▶ [ABOUT THIS EXERCISE]: Only the lines below from the one containing "Шкаф для посуды" through the one containing "Пострадавшие были обнаружены" belong in the answer, repeated exactly and without pictures.

▶ [DATA]:

______________________________

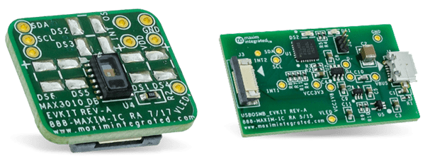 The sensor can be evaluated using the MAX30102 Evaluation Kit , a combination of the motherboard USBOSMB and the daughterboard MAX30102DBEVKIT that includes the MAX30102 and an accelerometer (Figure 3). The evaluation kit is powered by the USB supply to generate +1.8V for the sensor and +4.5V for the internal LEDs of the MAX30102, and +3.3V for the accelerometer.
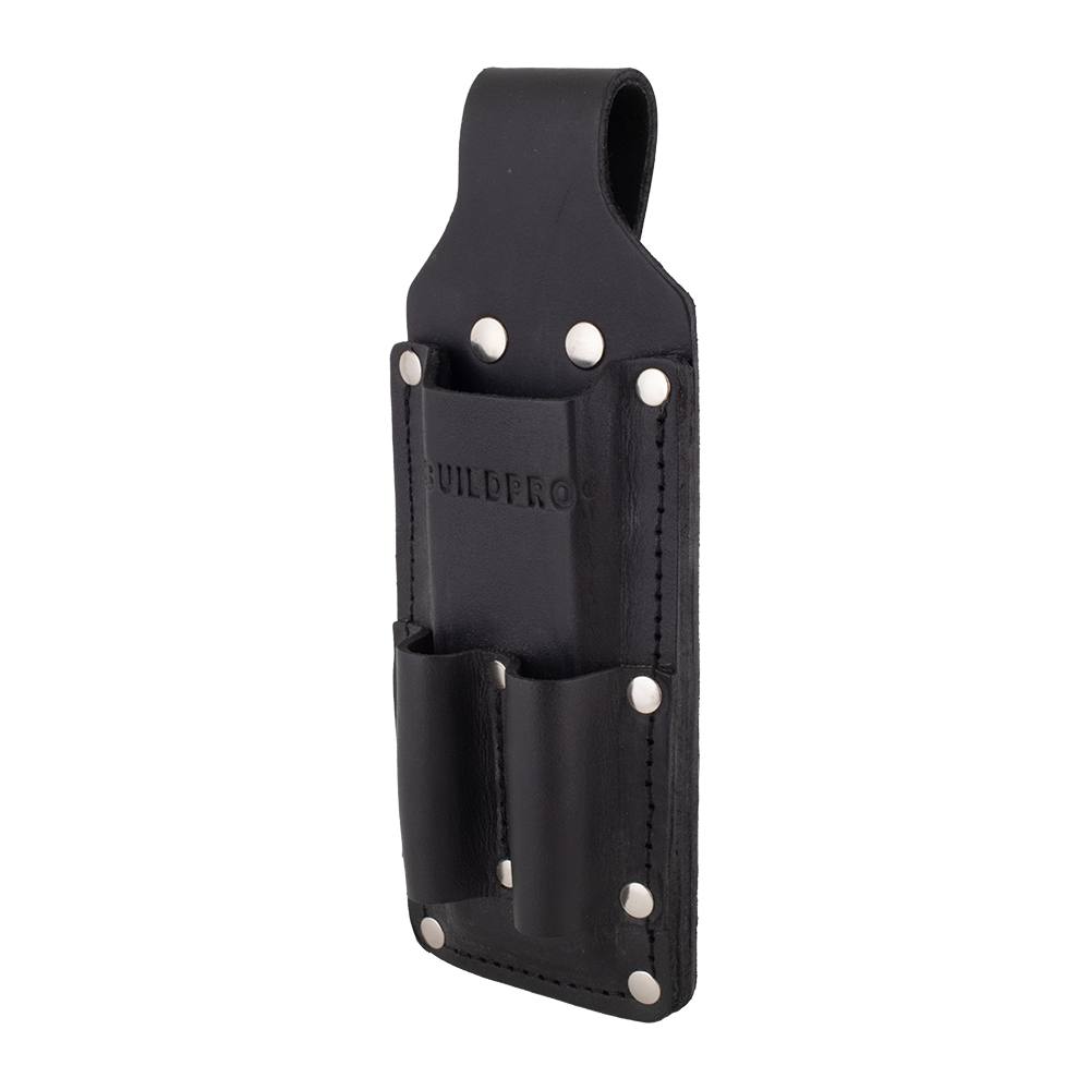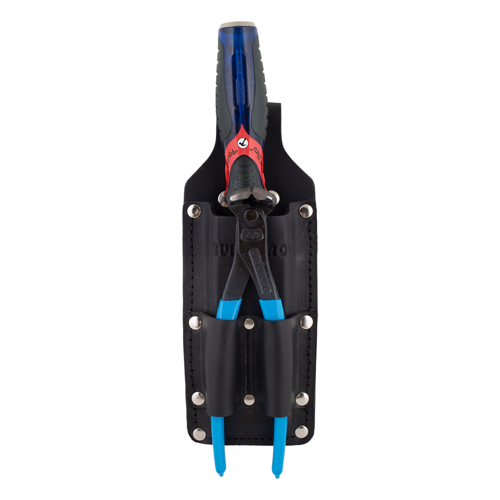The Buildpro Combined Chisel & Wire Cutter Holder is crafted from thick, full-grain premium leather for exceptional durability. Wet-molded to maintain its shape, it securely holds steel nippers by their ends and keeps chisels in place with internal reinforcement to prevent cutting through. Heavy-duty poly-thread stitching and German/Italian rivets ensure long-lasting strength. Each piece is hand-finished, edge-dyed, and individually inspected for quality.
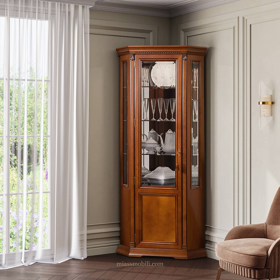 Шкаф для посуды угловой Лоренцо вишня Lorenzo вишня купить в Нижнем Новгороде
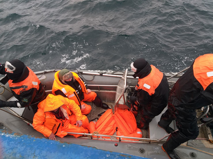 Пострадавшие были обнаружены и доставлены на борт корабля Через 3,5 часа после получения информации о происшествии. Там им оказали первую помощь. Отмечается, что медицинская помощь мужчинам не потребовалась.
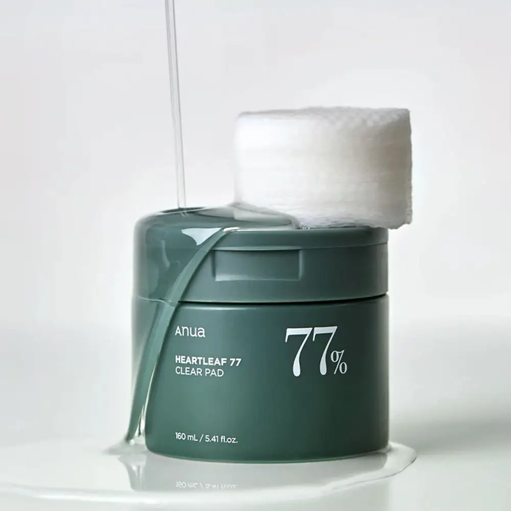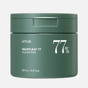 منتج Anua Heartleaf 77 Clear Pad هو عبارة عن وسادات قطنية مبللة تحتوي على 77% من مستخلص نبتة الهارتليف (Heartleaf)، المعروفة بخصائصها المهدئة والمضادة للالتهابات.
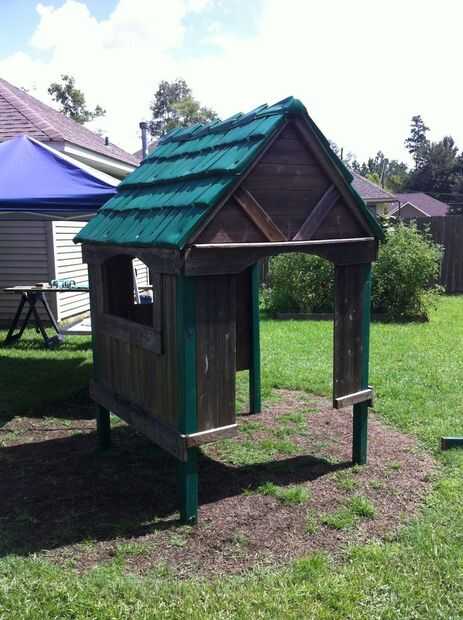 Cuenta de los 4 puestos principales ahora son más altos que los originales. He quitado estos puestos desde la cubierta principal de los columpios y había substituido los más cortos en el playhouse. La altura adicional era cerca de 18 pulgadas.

______________________________

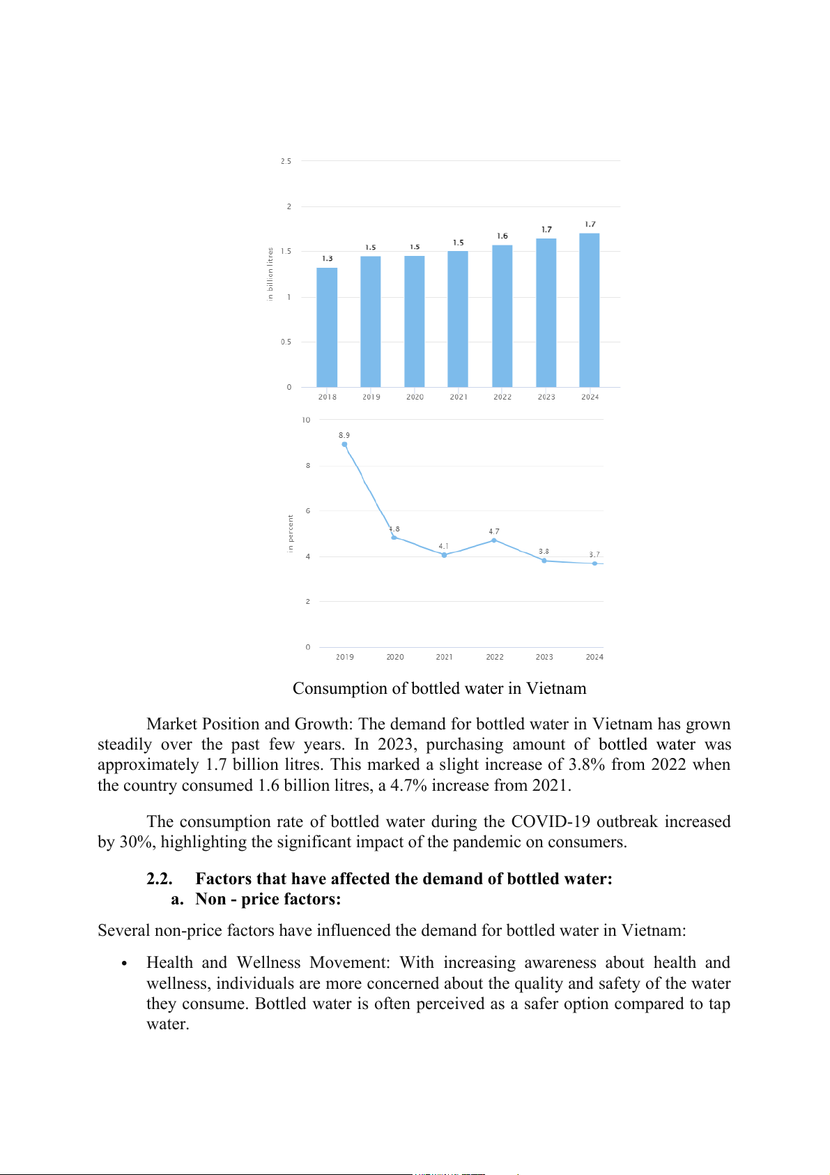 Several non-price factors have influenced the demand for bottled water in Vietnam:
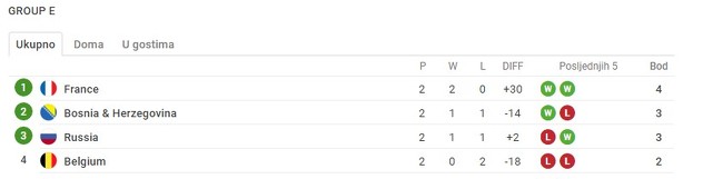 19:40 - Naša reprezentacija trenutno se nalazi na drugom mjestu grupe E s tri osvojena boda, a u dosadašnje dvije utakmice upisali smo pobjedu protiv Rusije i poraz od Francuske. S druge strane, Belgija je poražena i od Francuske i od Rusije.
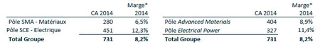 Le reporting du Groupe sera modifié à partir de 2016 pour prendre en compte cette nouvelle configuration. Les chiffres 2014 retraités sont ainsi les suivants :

______________________________

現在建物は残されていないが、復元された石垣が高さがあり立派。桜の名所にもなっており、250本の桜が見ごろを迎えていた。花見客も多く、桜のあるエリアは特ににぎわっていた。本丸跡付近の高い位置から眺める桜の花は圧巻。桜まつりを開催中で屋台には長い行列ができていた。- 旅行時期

______________________________

▶ [RESPONSE BOX]:
 Шкаф для посуды угловой Лоренцо вишня Lorenzo вишня купить в Нижнем Новгороде
 Пострадавшие были обнаружены и доставлены на борт корабля Через 3,5 часа после получения информации о происшествии. Там им оказали первую помощь. Отмечается, что медицинская помощь мужчинам не потребовалась.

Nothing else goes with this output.